On the bus Dill said, “Did you ever hear how Annabel Poe Marr died?”
“No, I don’t know much about Nicki.”
“It’s a sad story. I could feel sorry for her if she’d ever let anyone female feel
anything
for her.”
“What happened to her mother?”
“Jeannie Gaelen’s mother was selling Mrs. Marr some of her wardrobe. It was right around the time Jeannie’s father got into that trouble. Only no one in Seaville knew it yet. They needed money desperately. A lot of women get money selling their clothes to Annabel’s Resale Shop. They don’t admit it, but I could name you names.”
“And?”
“And Mrs. Marr always went to the estates to buy the clothes. No one ever wants to be seen in that shop. It’s a dead giveaway that you’re hard up. Annabel Poe was this sickly type, anyway, among other things. Sickly, psychic: She used to conduct séances on the dunes at Kingdom By The Sea … She had a bad heart. She had a heart attack while she was at the Gaelens’… Instead of calling an ambulance for her, Jeannie’s mother called Cap. You know why she didn’t call an ambulance? She didn’t want it to get around that she was doing business with Mrs. Marr. That’s the only reason Mrs. Marr would have been out at the Gaelen estate.”
“Pretty,” I said.
“I know. Jeannie feels terrible about it. … Nobody could find Cap right away. He got there about an hour and a half later. Annabel Poe died on the way to the hospital, in the Kingdom pickup truck.”
“Really pretty.”
“Jeannie was going to vote Nicki into pom-pom just because of that.”

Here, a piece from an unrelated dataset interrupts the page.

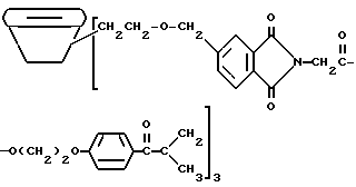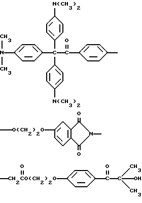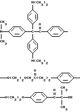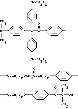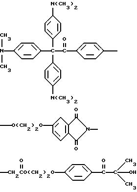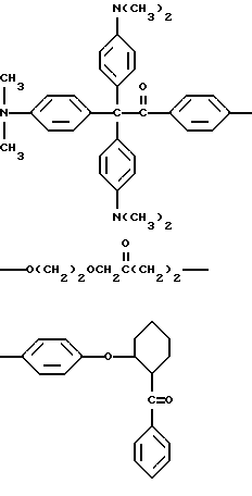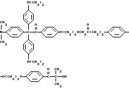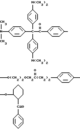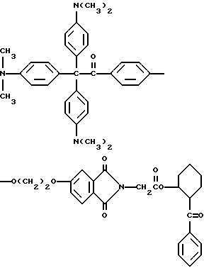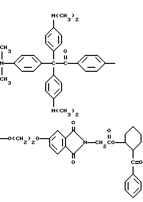 В каждом случае приблизительно 10 мг композиции помещают на стальную пластину (Q-Panel Company, Cleveland, Ohio). Наверх композиции помещают три капли (около 0,3 мл) ацетонитрила (Burdick and Jackson, Muskegon, Michigan), и два материала быстро перемешивают шпателем и распределяют на пластине в виде тонкой пленки. В пределах 5-10 с после добавления ацетонитрила каждую пластину подвергают воздействию излучения от комплекта ламп возбуждения на 222 нм. Комплект состоит из ряда четырех цилиндрических ламп, имеющих длину около 30 см. Лампы охлаждают циркулированием воды через расположенную в центре или внутреннюю трубку лампы, и вследствие этого они функционируют при относительно низкой температуре, т. е. приблизительно при 50oC. Плотность энергии у наружной поверхности ламп обычно находится в диапазоне от около 4 до около 20 Дж/м2. Однако такой диапазон в действительности отражает только возможности поставки потока энергии лампы возбуждения; в будущем могут быть выгодными более высокие плотности энергии. Расстояние от лампы до облучаемого образца составляет 4,5 см. Для каждой пленки измеряют время, когда она становится бесцветной для глаз. Результаты суммированы в табл. 3.
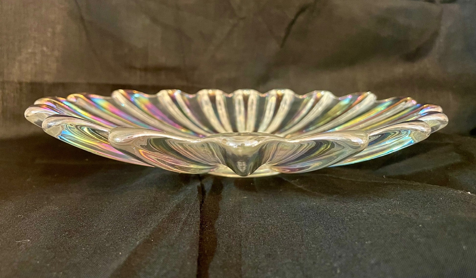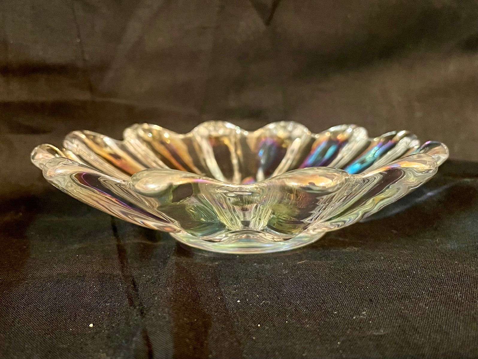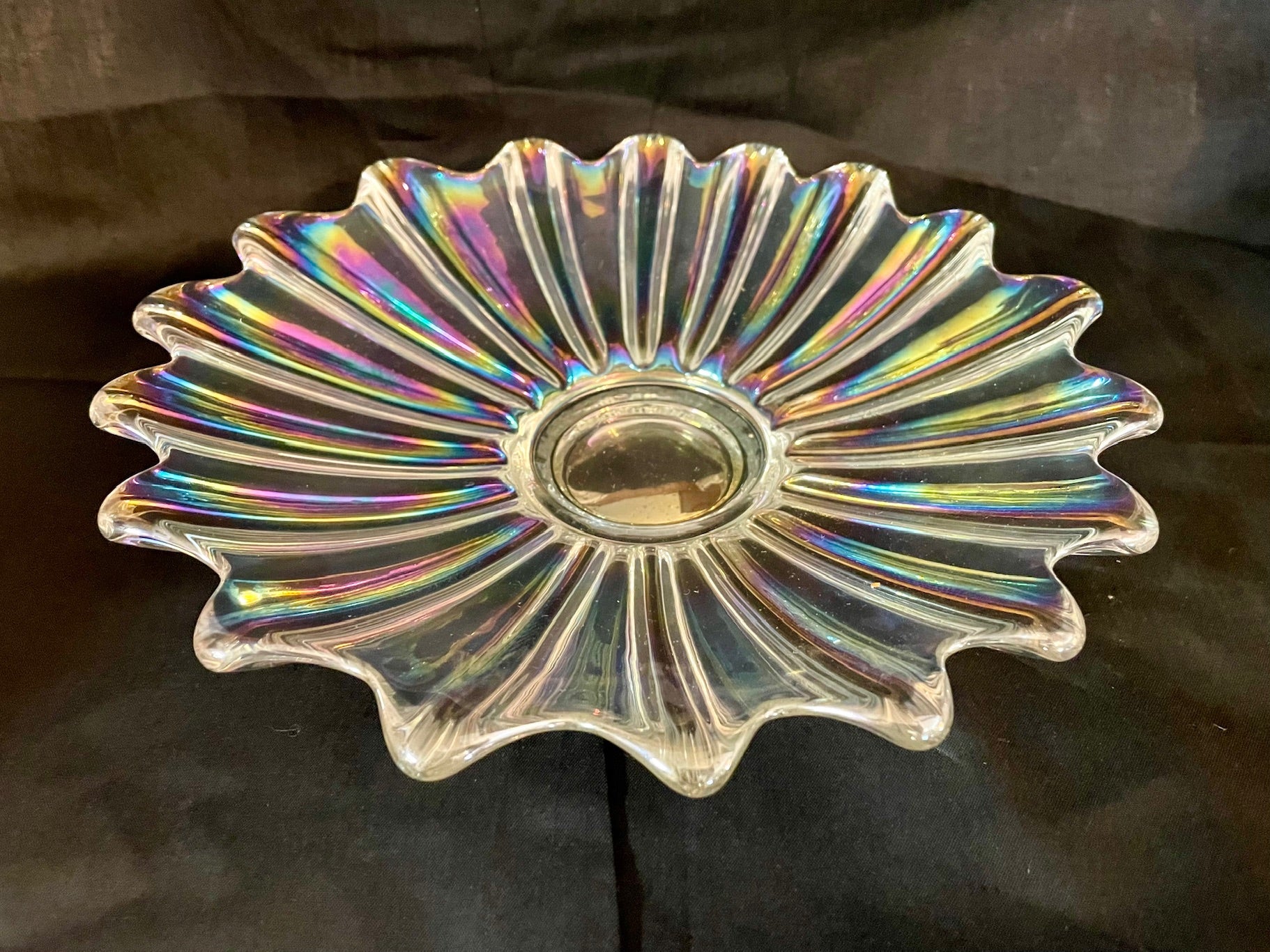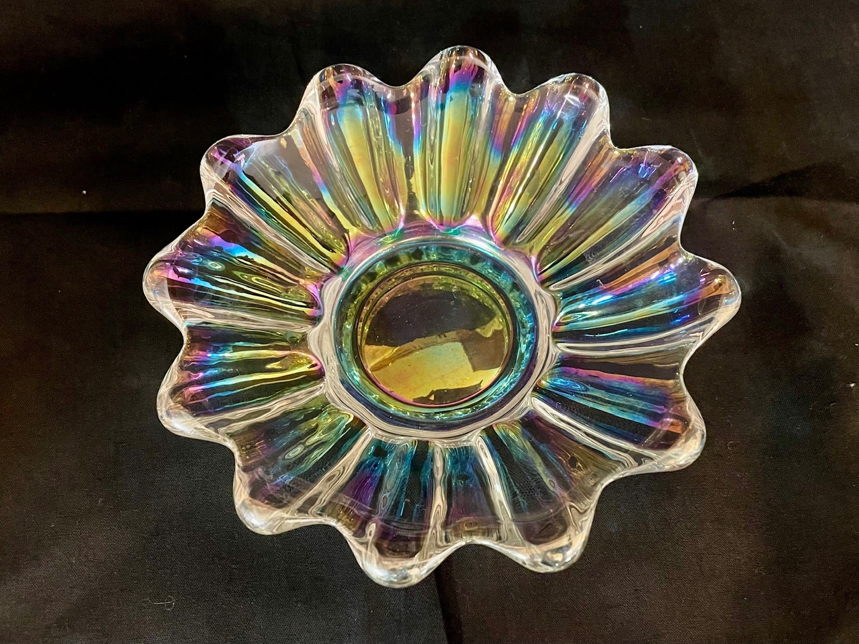 Vintage carnival glass bowl that is iridescent in color, and shaped in a starburst or sunflower pattern. Two sizes available.

“Well, why not? I would have, too.”
“You can’t vote someone into pom-pom just because you’re sorry for her.”
“What would have been so bad about Nicki being a pom-pom girl?”
“She’s not pom-pom material. She doesn’t have the right school spirit.”
“What difference does all that crap make?”
“The difference between a good pom-pom team and a bad one,” Dill said … “I don’t think she’s all that crazy about Jack, either. I’m picking up something else.”
“Like what?”
“Like the way she watches you. Like the way she raved over the picture of you and Pete, on Pete’s desk, and said there was something about redheaded men that could open up her soul and let out the demon. Did you hear
that
one?”
“That’s just something she got from an old R.E.O. Speedwagon song. She was singing it for Jack and me last Saturday.”
“I don’t care where it was from, she wasn’t saying it about Jack. And what about Oh! Cyndi Lauper’s a Gemini,” Dill tried imitating Nicki, “like Erick and me?”
I just shut up.
“If she likes ‘She Bop’ so much, she must play with herself, too.”
“Who doesn’t?” I said. “At least she isn’t limited to that.”
“Oh, thanks, Rudd!” Dill said.
After we got off the bus at Eighteenth Street and started walking toward Pete’s brownstone, Dill said, “Shall we knock first or just barge in?”
“Jack knows we’re coming back at four. It’s ten after.”
But we both made a lot of noise going up the stairs.
I punched the bell a few times, put my key in the lock, and opened the door.
Dill was right behind me. I heard her suck in her breath when we got inside, and whisper, “Oh, no!”
The three of them were sitting in the living room: Jack, Nicki, and my father.